Approaches to fulfil the objectives and knowledge base #1: The ontological presuppositions of PCM
At the very least, PCM presupposes the existence of persons. Further, it assumes that the ‘level’ of the person is important and irreducible in healthcare. That is, truths about persons are not reducible without loss to truths at a more basic level, such as the biochemical functioning of the body and its parts. If such truths were reducible, there would be no need to complement or contrast conventional biomedical approaches with something distinct. PCM would be subsumed by a biomedical view of healthcare.
PCM need not reject the importance of bio-medical medicine so much as complement it. A proper knowledge of the functioning of bodily systems seems to be an essential feature of anything recognisable as general medicine by contrast, for example, with healthcare disciplines that focus solely on specific forms of mental pathology or distress, such as psychotherapy. On the other hand, to count as person centred, PCM must resist the claim that the concept of the person reduces without loss into a set of component bodily systems.
Given the success of modern science in explaining larger systems by decomposing them into the behaviour of smaller scale, simpler systems, what would rationalise the presupposition that the person is a basic feature of ontology and irreducible to smaller scale biology?
One once influential answer – and a helpful illustration here – is provided by Cartesian substance dualism. Descartes’ own account of the bulk of the natural world was that of a mechanical ‘plenum’: a packed world of direct causal pushes and pulls. Responding to the rise of mechanical natural philosophy – corresponding with the rise of modern science – Descartes assumed that mechanical models would apply very generally. At the same time, however, he exempted the mind from this domain. His dualism divides the world into two realms of different sorts of substance: res extensa – the domain of direct causal interaction within a spatial realm – and res cogitans, the non-spatial mental realm. Despite this distinction, the mental realm appears to be modelled on the mechanical philosophy in one sense: mental states are free-standing states, acting as though akin to causal factors [McDowell 1998a: 237-243]. This is one of the features that makes accounting for everyday mental phenomena difficult: for example, the capacity for thoughts to be relational rather than free-standing, about things, to possess ‘intentionality [ibid: 242-3]. If thoughts are free standing items in an inner realm, how can they be about anything, in the outer realm? Another is the problem Descartes himself recognised of accounting for the apparent interaction of the mental and extended realms.

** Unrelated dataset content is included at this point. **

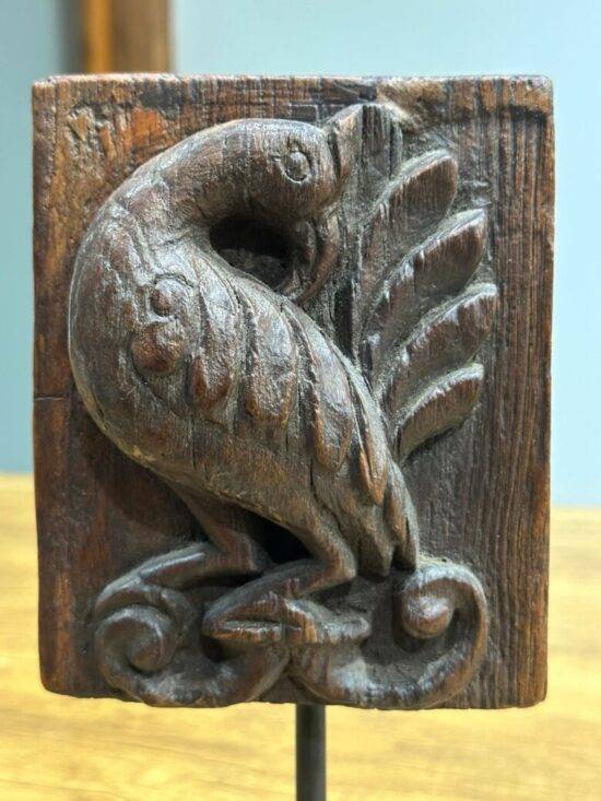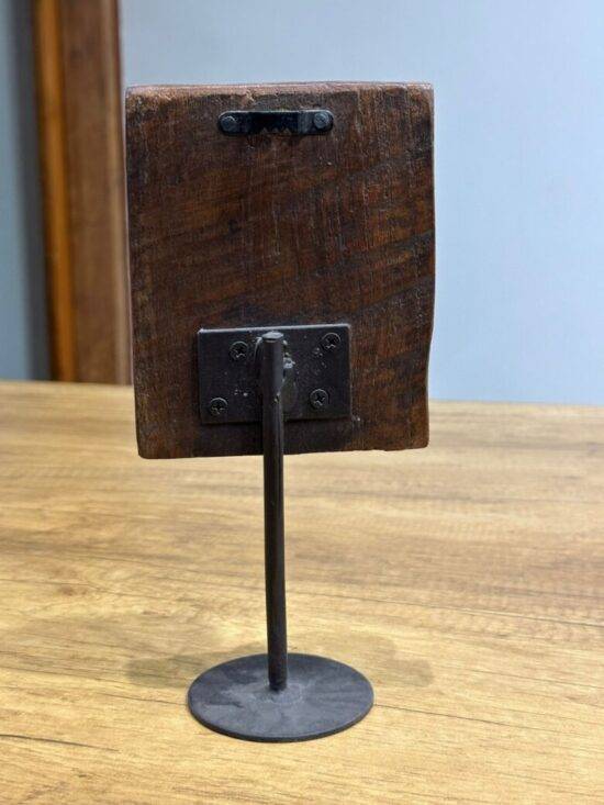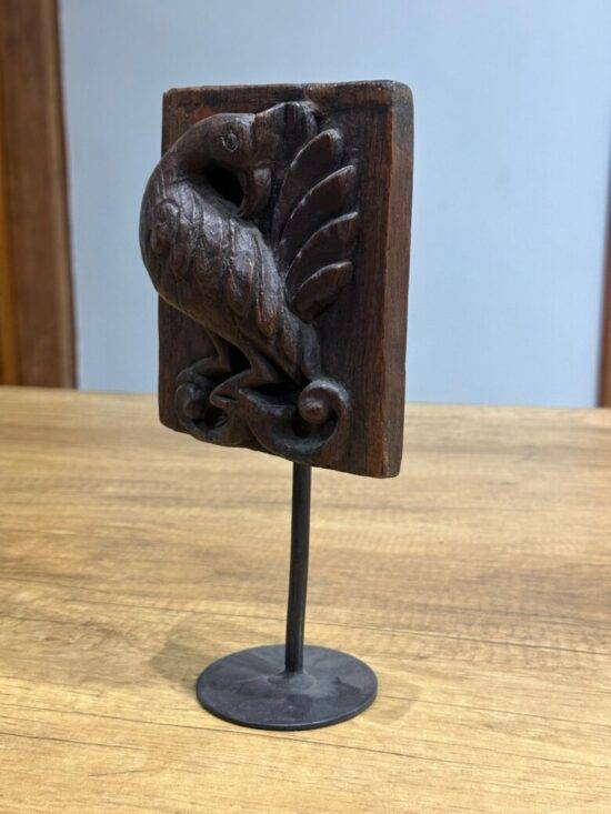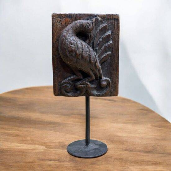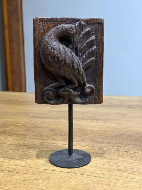The carving showcases beautiful peacock motif, meticulously hand-carved with remarkable precision. The detailed craftsmanship reflects the artistry of skilled artisans from the past, making it a true collector’s piece. The natural aging process has given the wood a rich, dark patina, adding depth and authenticity to its appearance. Mounted on a sturdy metal stand, this piece is ideal as a decorative accent for bookshelves, desks, or console tables.

If we put those objections to one side for the moment, however, Cartesian substance dualism would provide a rationale for PCM by explaining one of its presuppositions. Substance dualism implies that persons – possessors of both mental and physical attributes – cannot be entirely made of extended matter. The mental belongs to a distinct non-bodily realm. But subscription to what now seems an outmoded approach to the mind would be a high price to pay for subscribing to PCM. So if not that, why else might one take the concept of the person to be irreducible?
One lesson of academic philosophy of mind since the 1970s is that there are many (apparently or epistemically) possible models of the relation of mind and body [Fulford et al 2006: 653]. At one end of a spectrum is substance dualism. At the other is eliminativism: the view that there are no mental states because the mental is a failed theory of the physical and should be eliminiated. Between are varieties of forms of property dualism, more or less closely tethered by supervenience (an asymmetric relation of dependence), and reductionist physicalism (the view that the mental can be reduced without loss to physical descriptions). Thus, a commitment to PCM requires a rejection of eliminativism and reductionist physicalism but leaves open a variety of other ontological positions. But what might motivate that choice however precisely it might be realised?
Within analytic philosophy of mind, two main lines of argument have been stressed. One concerns the irreducibility of the qualitative aspects of mental states and experiences: their qualia. One such argument is Frank Jackson’s thought experiment concerning Mary the neuroscientist, locked in a black and white room but knowing the full physics and neurophysiology of colour vision [Jackson 1986]. Surely, runs the line of thought, she learns something new when presented for the first time with a red object? But if so, there is at least one fact to be learnt – what red looks like to the conscious mind – that cannot be captured within physical and neurophysiological theory. So reductionism of the mental to the physical is false.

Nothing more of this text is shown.